Integrated multi-level quality control for proteomic profiling studies using mass spectrometry
- Equal contributors
1 Clinical and Biomedical Proteomics Group, Cancer Research UK Clinical Centre, Leeds Institute of Molecular Medicine, St James's University Hospital, Beckett Street, Leeds LS9 7TF, UK
2 Section of Epidemiology and Biostatistics, Leeds Institute of Molecular Medicine, St James's University Hospital, Beckett Street, Leeds LS9 7TF, UK
3 Department of Clinical Biochemistry and Immunology, Leeds General Infirmary, Great George Street, Leeds LS1 3EX, UK
BMC Bioinformatics 2008, 9:519 doi:10.1186/1471-2105-9-519Published: 4 December 2008
Proteomic profiling using mass spectrometry (MS) is one of the most promising methods for the analysis of complex biological samples such as urine, serum and tissue for biomarker discovery.
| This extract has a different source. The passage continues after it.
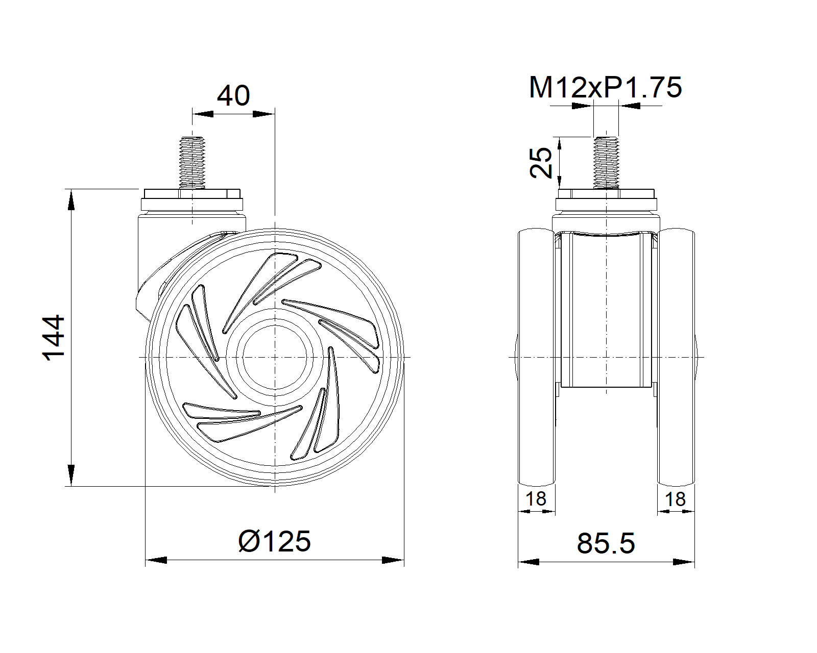 | Bánh xe có phanh kép và hệ thống khóa, ren M12x25 Khung màu trắng với lớp gia cố polyamide Chống gỉ, chống ăn mòn, thẩm mỹ, tiết kiệm và linh hoạt Lõi bánh xe bằng polypropylen chống va đập với gai lốp bằng chất liệu đàn hồi nhiệt dẻo (TPR) Vòng bi bánh xe màu trắng xám đậm—vòng bi chính xác |   | |||||

Such experiments are often conducted using MALDI-TOF (matrix-assisted laser desorption/ionisation time-of-flight) and SELDI-TOF (surface-enhanced laser desorption/ionisation time-of-flight) MS. Using such profiling methods it is possible to identify changes in protein expression that differentiate disease states and individual proteins or patterns that may be useful as potential biomarkers. However, the incorporation of quality control (QC) processes that allow the identification of low quality spectra reliably and hence allow the removal of such data before further analysis is often overlooked. In this paper we describe rigorous methods for the assessment of quality of spectral data. These procedures are presented in a user-friendly, web-based program. The data obtained post-QC is then examined using variance components analysis to quantify the amount of variance due to some of the factors in the experimental design.
Using data from a SELDI profiling study of serum from patients with different levels of renal function, we show how the algorithms described in this paper may be used to detect systematic variability within and between sample replicates, pooled samples and SELDI chips and spots. Manual inspection of those spectral data that were identified as being of poor quality confirmed the efficacy of the algorithms. Variance components analysis demonstrated the relatively small amount of technical variance attributable to day of profile generation and experimental array.
Using the techniques described in this paper it is possible to reliably detect poor quality data within proteomic profiling experiments undertaken by MS. The removal of these spectra at the initial stages of the analysis substantially improves the confidence of putative biomarker identification and allows inter-experimental comparisons to be carried out with greater confidence.